Il quale Roma del passato ti sarebbe
piaciuto vivere Anna e nelle vesti di quale personaggio?
E’
difficile rispondere a questa domanda, caro Gianfranco. Perché Roma affida le
sue radici in qualsiasi secolo. Credo che, da Nerone in poi, fino
all’Ottocento, Roma abbia avuto uno splendore tutto suo particolare di
morbidezze, di poesia, di raccoglimento che prescindono dalla città in cui
vivi. Roma è e basta. Roma è sempre, comunque. Io mi sento, in certi momenti,
una signora dell’Ottocento, là dove trovo Pasquino in tanti angoli con delle
storie, con le satire, le famose “pasquinate”. Così come potrei essere
Agrippina, così come potrei essere qualsiasi altro personaggio romano. Non c’è
un momento della vita romana che io rinneghi
o che ami di più. Roma è e basta.
Per
una donna di spettacolo come te, Roma cosa rappresenta?
Io
lascerei da parte l’esaltazione di Roma capitale, quella che gli altri pensano
che sia della gente di spettacolo. Indubbiamente è un punto di riferimento per
chi fa spettacolo. Ma se io fossi una donna di Lodi, probabilmente vivrei la mia
città con intensità allo stesso modo. Non faccio mai distinzioni, perché è
il mio lavoro che mi porta a vivere altrove, sempre.
Com’è
avvenuto il tuo accostamento verso il mondo dello spettacolo?
Io
sono nata così, amo dire, con questa deformazione fisica e mentale di attrice.

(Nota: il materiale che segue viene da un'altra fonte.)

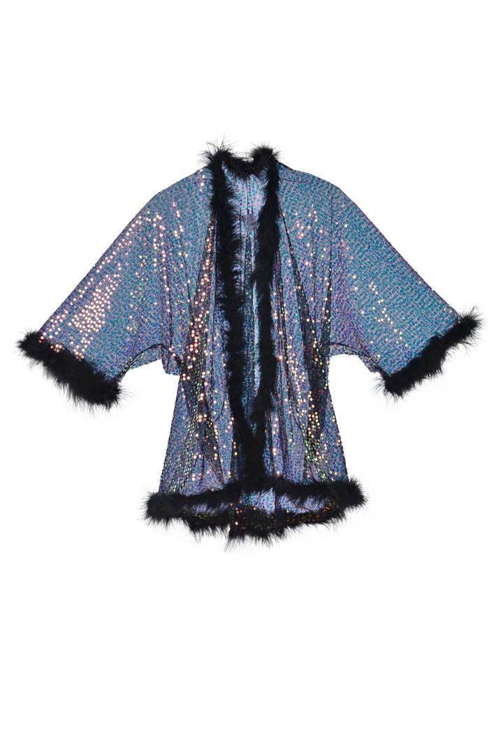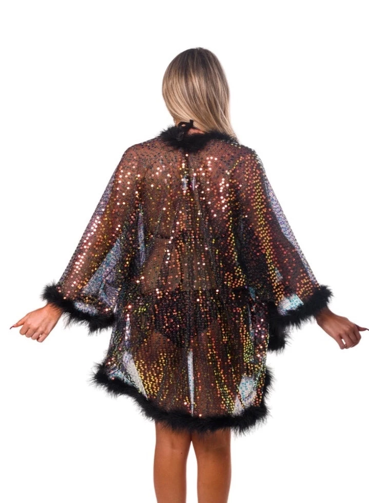 Dance the night away in this black fuzzy kimono made with premium fabric and high quality sequins that reflect and sparkle in light.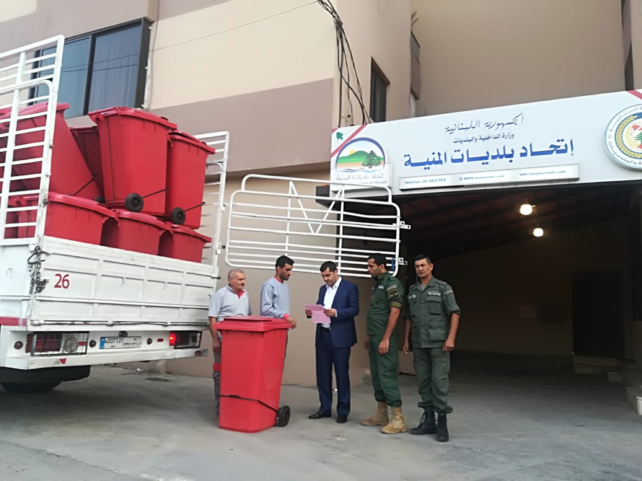 وقد استلم إتحاد بلديات المنية أيضا آليات نقل مخصصة لتجميع النفايات المفرزة من المنازل.

Curiosamente nella mia famiglia non ci sono mai stati né attori, né attrici, né
cantanti.
E’
una famiglia borghese normale, laddove io fin dall’età prescolare, cioè
prima della scuola, avevo stabilito che ero nata attrice. Questo mi ha portato a
vivere faticosamente, a vivere laddove ti raccontavo di viale XXI Aprile, della
mia diversità. Se si nasce attori, se si nasce con il termine “artista”,
fra virgolette, si è diverso comunque. Quindi ho vissuto in maniera anticipata
questo mio essere attrice. Ho sempre desiderato quello che adesso ho e forse
quello che ho adesso è poco rispetto a quello che vorrei. Per me la popolarità
fa degli scherzi, ma dall’Oscar in poi, quindi ho tempo.
La
tua più grande soddisfazione in campo artistico?
Aver
interpretato lo spettacolo e un personaggio come Anna Magnani. E’ lo
spettacolo che mi ha dato più gioia, raccontare Nannarella di Mario Moretti e
Daniela Rotunno. Uno spettacolo dove io non avevo nessuna voglia di imitare o
eguagliare la Magnani. Ognuno, sai, ha la sua storia a parte i valori, le
fortune o i risultati, ognuno ha una sua storia. L’unico mio dolore è averlo
già rappresentato e poi un altro mio dolore è che non troverò mai più uno
spettacolo fino a 90/100 anni che mi darà la stessa gioia, la stessa
soddisfazione.
Un
tuo sogno nel cassetto!
Ma
io ho tutti i cassetti aperti, non devo andare ad aprirli per cercare. Ho i
cassetti aperti dove penso che un giorno interpreterò Medea, sicuramente,
questo è faticoso, perché io ho dovuto lottare contro dei cliché
all’italiana soprattutto. Io non detesto l’Italia, per carità, non sono
esterofila. Amo l’Italia con tutte le sue bellezze e le sue orrendezze. Però
è indubbio un fatto che un attore è riconoscibile a seconda di un personaggio,
del suo successo precedente. Se io mi fossi abbandonata al mio successo
precedente, avrei dovuto abbandonarmi alla signorina Silvani, quella di Fantozzi,
alla racchia Benvelleità, tutti i film dell’epoca, avrebbero avuto me come
emblema donna, appunto racchia con Benvelleità, se non mi fossi ribellata a
questi cliché all’italiana. Io sono diventata una primadonna mio malgrado e
malgrado quello che pensano gli altri degli attori. Sono diventata la primadonna
dello spettacolo e mi posso permettere di interpretare quello che voglio, se mi
fossi abbandonata a quei cliché che dicevo prima probabilmente ora sarei la
Tina Pica degli anni 80.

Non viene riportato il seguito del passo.